- Assigned task -
In the listing below, find the line containing "Женская цепочка на" and the line containing "附件:1.拟评选2021年度自治区级金牌调解工作室名单", then copy exactly everything from the first through the second, except the pictures.

- Records for this exercise -
· · · ·
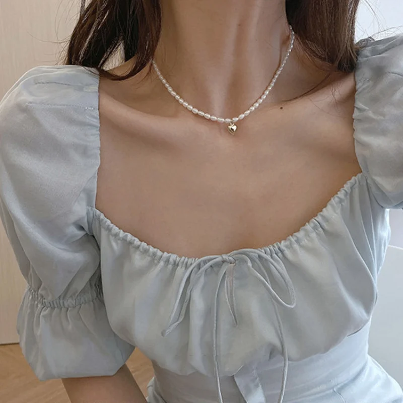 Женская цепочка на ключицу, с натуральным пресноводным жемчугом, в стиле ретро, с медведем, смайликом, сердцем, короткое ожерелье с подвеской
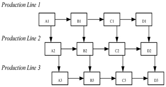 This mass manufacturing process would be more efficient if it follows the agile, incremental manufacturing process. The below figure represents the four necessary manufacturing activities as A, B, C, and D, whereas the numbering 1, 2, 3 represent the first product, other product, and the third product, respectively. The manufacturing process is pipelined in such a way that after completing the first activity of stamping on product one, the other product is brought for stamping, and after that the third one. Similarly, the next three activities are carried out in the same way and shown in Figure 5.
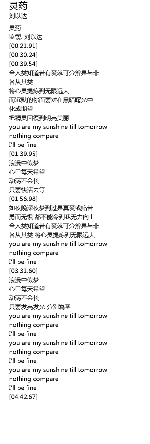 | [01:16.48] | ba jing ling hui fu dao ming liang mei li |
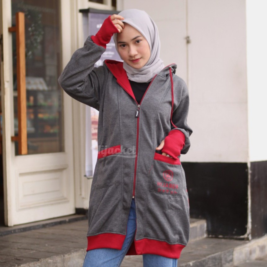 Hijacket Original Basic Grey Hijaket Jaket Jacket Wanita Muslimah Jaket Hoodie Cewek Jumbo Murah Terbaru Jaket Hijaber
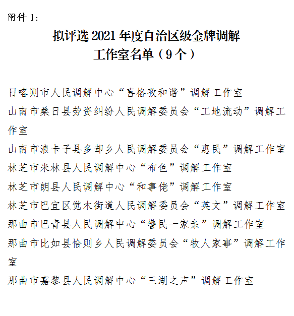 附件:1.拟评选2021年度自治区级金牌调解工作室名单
· · · ·
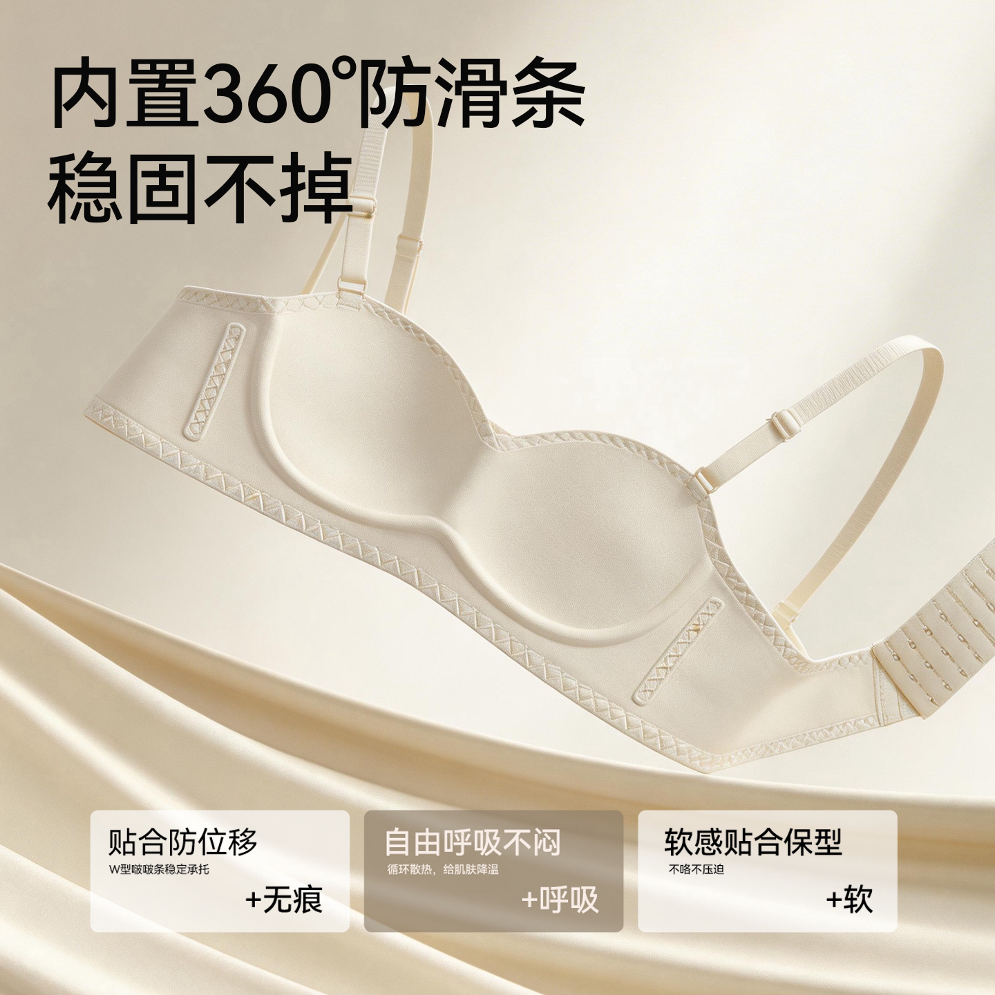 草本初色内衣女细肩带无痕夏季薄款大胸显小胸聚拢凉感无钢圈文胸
· · · ·
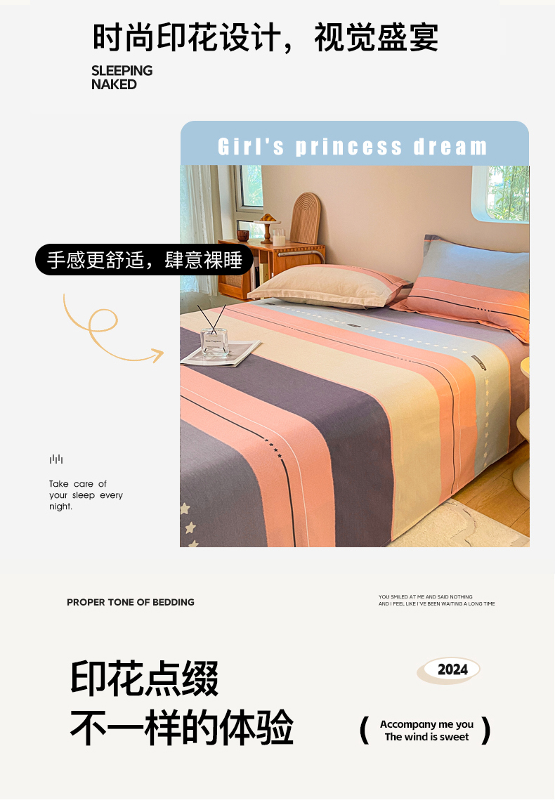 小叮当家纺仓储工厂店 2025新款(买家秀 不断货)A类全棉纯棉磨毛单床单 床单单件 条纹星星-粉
· · · ·
- Response box -
 Женская цепочка на ключицу, с натуральным пресноводным жемчугом, в стиле ретро, с медведем, смайликом, сердцем, короткое ожерелье с подвеской
 This mass manufacturing process would be more efficient if it follows the agile, incremental manufacturing process. The below figure represents the four necessary manufacturing activities as A, B, C, and D, whereas the numbering 1, 2, 3 represent the first product, other product, and the third product, respectively. The manufacturing process is pipelined in such a way that after completing the first activity of stamping on product one, the other product is brought for stamping, and after that the third one. Similarly, the next three activities are carried out in the same way and shown in Figure 5.
 | [01:16.48] | ba jing ling hui fu dao ming liang mei li |
 Hijacket Original Basic Grey Hijaket Jaket Jacket Wanita Muslimah Jaket Hoodie Cewek Jumbo Murah Terbaru Jaket Hijaber
 附件:1.拟评选2021年度自治区级金牌调解工作室名单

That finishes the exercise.